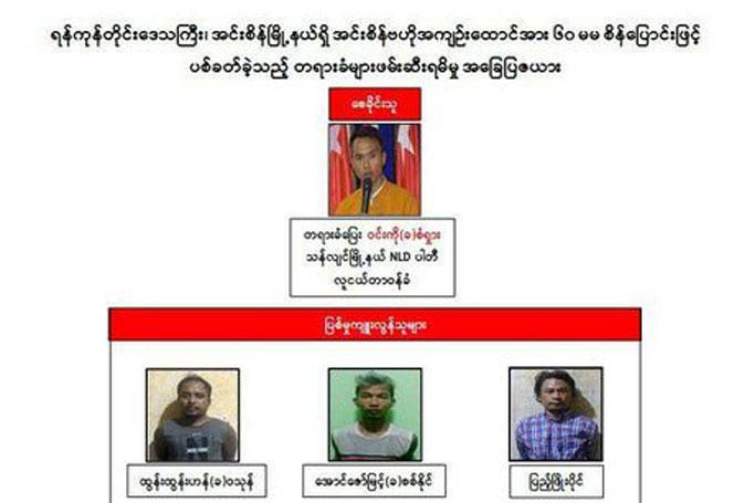 သြဂုတ်လ ၂၃ ရက်မှ ၂၆ ရက်နေ့အထိ တရားခံဟုစွပ်စွဲခံရသူ ကျား ခုနစ်ဦးနှင့် မ တစ်ဦးတို့အား မတူညီ သော နေရာဒေသများမှ ဖမ်းဆီးခဲ့ခြင်းဖြစ်ကြောင်း သိရသည်။
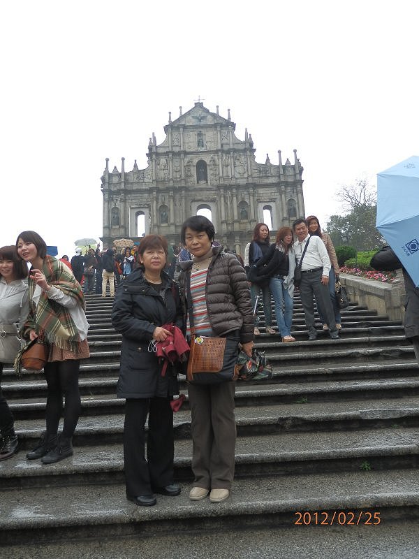 聖ポール天主堂と言う所だそうです。壁が一面あるだけでおかしいのでガイドさんに聞いたところ、昔大きな台風で壊れてそのままだそうです。
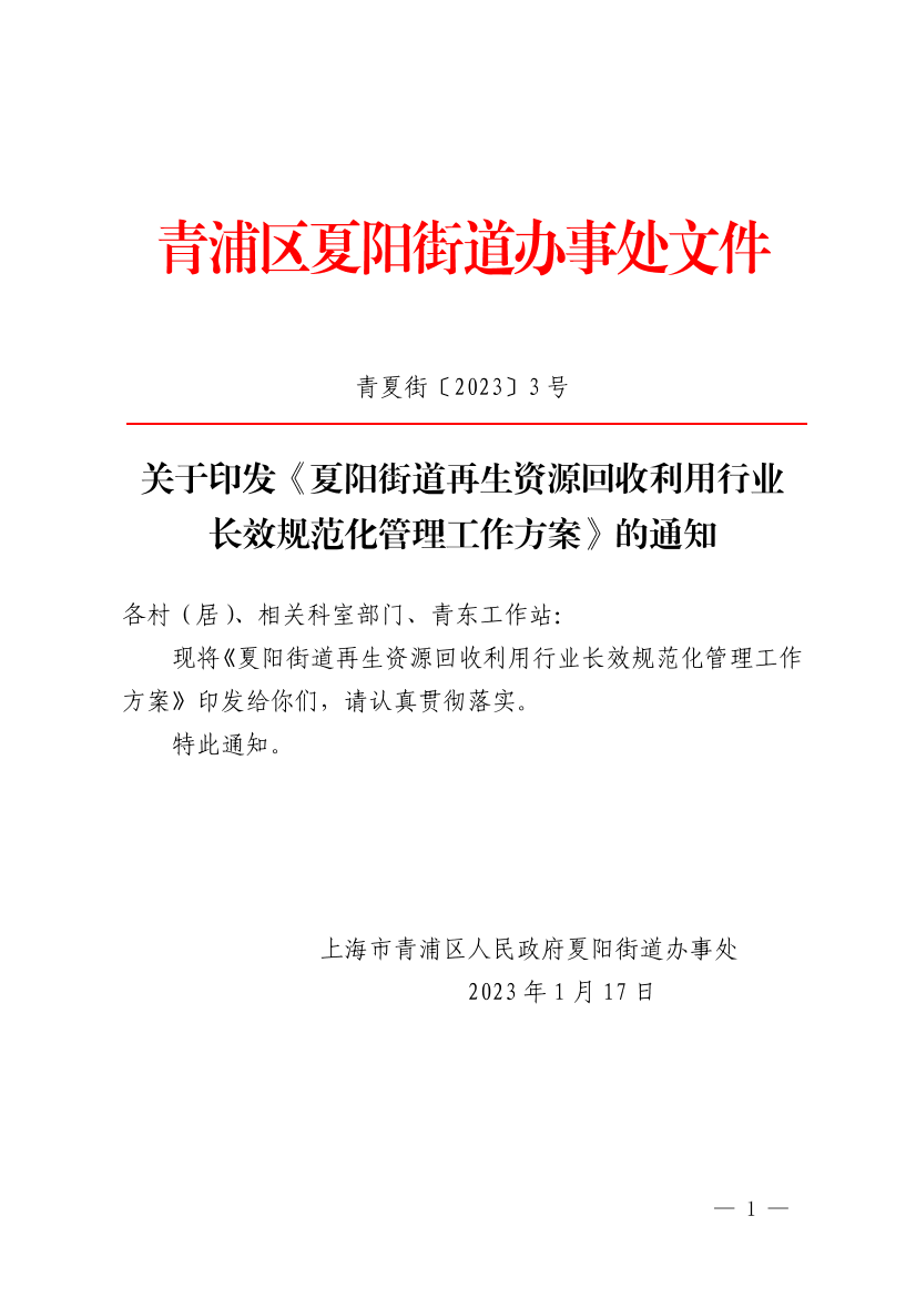 现将《夏阳街道再生资源回收利用行业长效规范化管理工作方案》印发给你们,请认真贯彻落实。
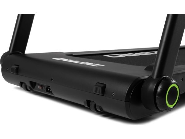 Hastighetsregulering er mulig gjennom knapper på skjermen og på sidehåndtakene, som også måler pulsen. En komplementerende funksjon er en hylle for smarttelefoner, som lar deg se favorittseriene dine mens du bruker tredemøllen, noe som kan "få tiden til å gå".
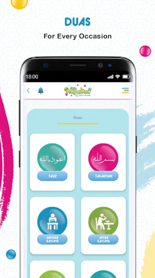 PrayerPad has pre-recorded keys to educate children about Salah, for example, prayer names, surahs, basic duas, and more. It educates learners about Salah times and what to state during different positions and various bodily movements.
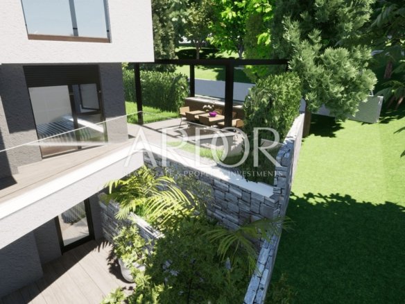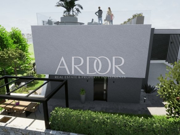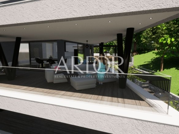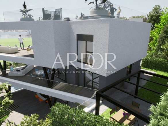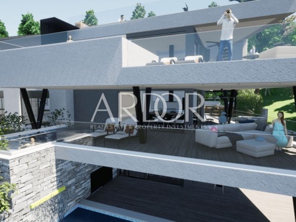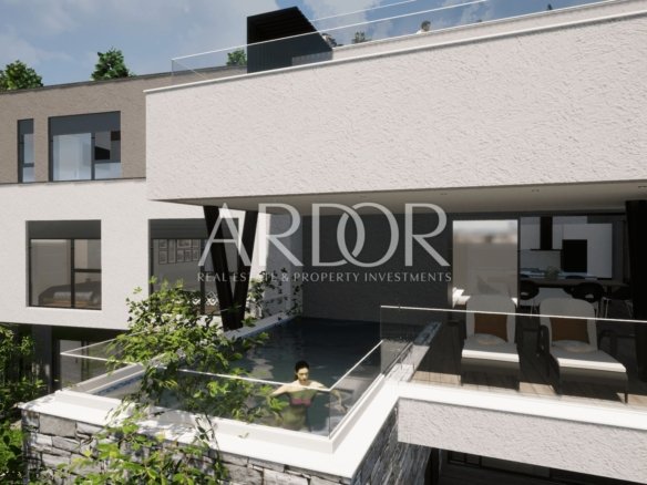 Smješten unutar moderne vile s ukupno tri luksuzna stana, svaki s vlastitim bazenom i zasebnom etažom, ova nekretnina pruža visoku razinu privatnosti i sofisticiran životni stil.
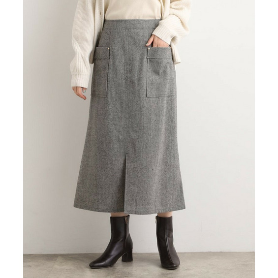クラシカルなツイード素材で仕立てたAラインスカート。

———

• _WHAT YOU ARE ASKED TO DO_
Find the line with "Hastighetsregulering er mulig". Reproduce it and every line after it through the last line above exactly, leaving out the pictures.

• _ANSWER TO THE EXERCISE_
 Hastighetsregulering er mulig gjennom knapper på skjermen og på sidehåndtakene, som også måler pulsen. En komplementerende funksjon er en hylle for smarttelefoner, som lar deg se favorittseriene dine mens du bruker tredemøllen, noe som kan "få tiden til å gå".
 PrayerPad has pre-recorded keys to educate children about Salah, for example, prayer names, surahs, basic duas, and more. It educates learners about Salah times and what to state during different positions and various bodily movements.
 Smješten unutar moderne vile s ukupno tri luksuzna stana, svaki s vlastitim bazenom i zasebnom etažom, ova nekretnina pruža visoku razinu privatnosti i sofisticiran životni stil.
クラシカルなツイード素材で仕立てたAラインスカート。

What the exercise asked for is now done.